Car Sharing" Brings New Urban Form (Okurayama, Yokohama) - Intersection of Urban Life and Environmental Consciousness in 2006
Looking back on the historical background of 2006, it was a time when the values of urban residents began to undergo a major shift. After the prolonged stagnation following the bursting of the bubble economy and the deflationary economy of the early 2000s, urban residents quietly became aware of the need to shift from ownership to use. The shift from an era in which owning a personal car was a status quo to one in which rationality and environmental awareness were emphasized, as if one could use a car only when needed was underway.
Car sharing has been the focus of attention in this trend. In particular, the initiative by C.E.V. Sharing, Inc. that began in the Okurayama district of Yokohama City, Kanagawa Prefecture, is an experimental and symbolic example of a system that meets the needs of urban lifestyles.
The car-sharing service, in which one car is shared by about five people for a monthly fee ranging from 1,980 yen to 3,980 yen, is equipped with an IC card lock system, can be rented in 15-minute increments, and can be reserved up to two weeks in advance. In addition to the initial and monthly fees, users did not have to pay for gasoline, insurance, and parking, all of which were extremely cost-effective compared to conventional car rental or car ownership.
Especially in urban areas, where monthly parking fees cost 40,000 to 50,000 yen in some areas, the system gained strong support, especially among younger people and dual-income households, who felt the weight of ownership. In addition, examples of car sharing vehicles as an added value for condominiums began to emerge, attracting attention as a new residential amenity.
This is largely due to the strengthening of environmental policies such as global warming countermeasures and resource conservation. With the Kyoto Protocol coming into effect (2005), there is now a strong demand in Japan for corporate and individual efforts to reduce CO₂ emissions. Car sharing was seen not only as a means of reducing costs, but also as part of an "environmentally conscious lifestyle.

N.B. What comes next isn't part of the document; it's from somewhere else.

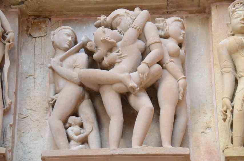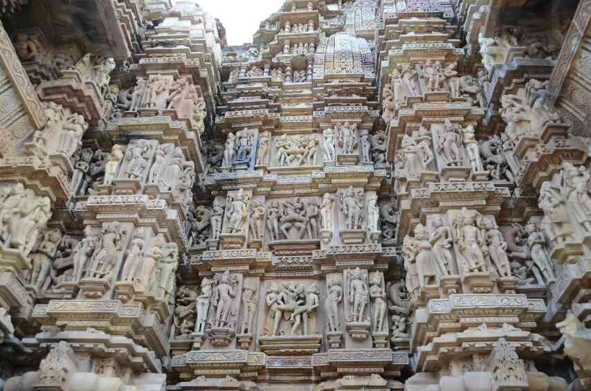 After a quick settle in and lunch we were picked up at 3pm for our afternoons tour of the UNESCO World Heritage listed site of Hindu Temples. These historic buildings are famed for their intricate detail, delicate sensuality and forthright eroticism. The temples were built over a period of about 150 years starting from around the 10th century AD by the Chandella dynasty. There were originally 85 Temples, but now there are only 25 left. The carved stone of the temples represents all facits of life at the time. The carvings depict the importance of Hinduism in the life of the ruling classes and the classes below them. From Hindu Gods to Armies and, what were described by the young English Engineer TS Ward who discovered them in 1838, under a jungle, as, “most beautifully and exquisitly carved” but that some images were “extremely indecent and offensive”. There are many carvings depicting all forms of sex from masturbation through oral to homosexuality and beastiality. Not really the proper thing for a Victorian English Officer!

Internationally, Mobility, a Swiss company, was known as a success story with 1,000 locations and 60,000 members. In Japan, the possibility of car sharing as an alternative means of welfare and public transportation was also being explored, such as in Nishinomiya City, Hyogo Prefecture, where wheelchair-accessible welfare vehicles were offered through the car sharing system.
In other words, the Yokohama-Okurayama car sharing project was an attempt to respond in a very modern and symbolic way to the multiple issues facing Japanese society in the mid-2000s: "redesigning urban life," "new ways of feeling ownership," and "environmental consciousness. These efforts were a precursor to the subscription economy and the sharing economy that would come later, and were the beginning of the "use it only when you want to use it" mentality that would become routine.